Vincent Behar created MAPREDUCE-4867:
----------------------------------------
Summary: reduces tasks won't start in certain circumstances
Key: MAPREDUCE-4867
URL: https://issues.apache.org/jira/browse/MAPREDUCE-4867
Project: Hadoop Map/Reduce
Issue Type: Bug
Components: scheduler
Affects Versions: 1.0.4
Reporter: Vincent Behar
Reduce tasks start are conditioned by the value of
"mapred.reduce.slowstart.completed.maps". However, if the number of completed
map tasks never reached the configured value (for example because
"mapred.max.map.failures.percent" has been set to a high value, to permit a job
to have a lot of failed tasks), then the reduce tasks won't start.
The job is still running, all map tasks are finished (either successful or
not), and all reduce tasks are still pending.

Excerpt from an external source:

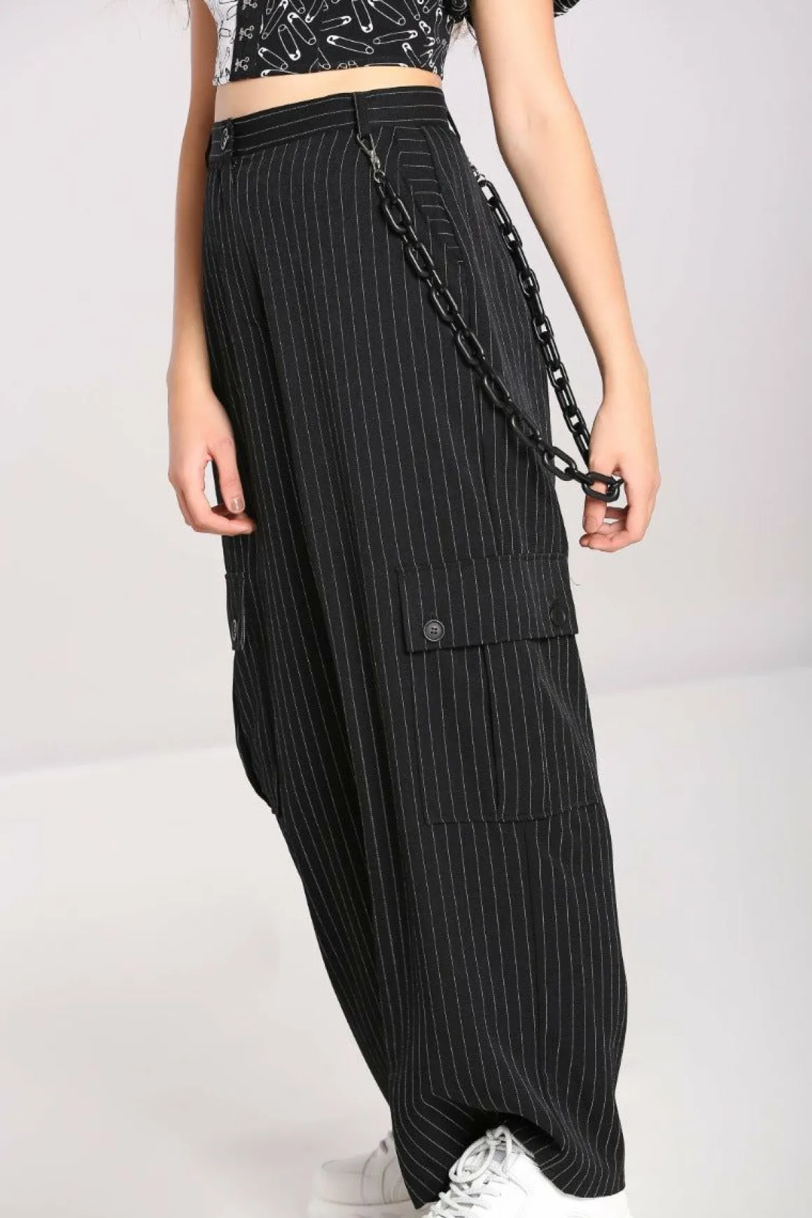 Black & White Pinstriped Full Length TrousersHorizontal Striped Waistband With Belt LoopsWide Leg Style Large Pockets On…

The only thing one can do is to
kill the job.
There are 2 things that could be done :
- document the relation between "mapred.max.map.failures.percent" and
"mapred.reduce.slowstart.completed.maps" : we can say that the rule to follow
if you want to be sure that your reduce tasks will start is :
"mapred.reduce.slowstart.completed.maps * 100 < 100 -
mapred.max.map.failures.percent"
- fix JobInProgress.scheduleReduces() to return true if all map tasks are
finished
--
This message is automatically generated by JIRA.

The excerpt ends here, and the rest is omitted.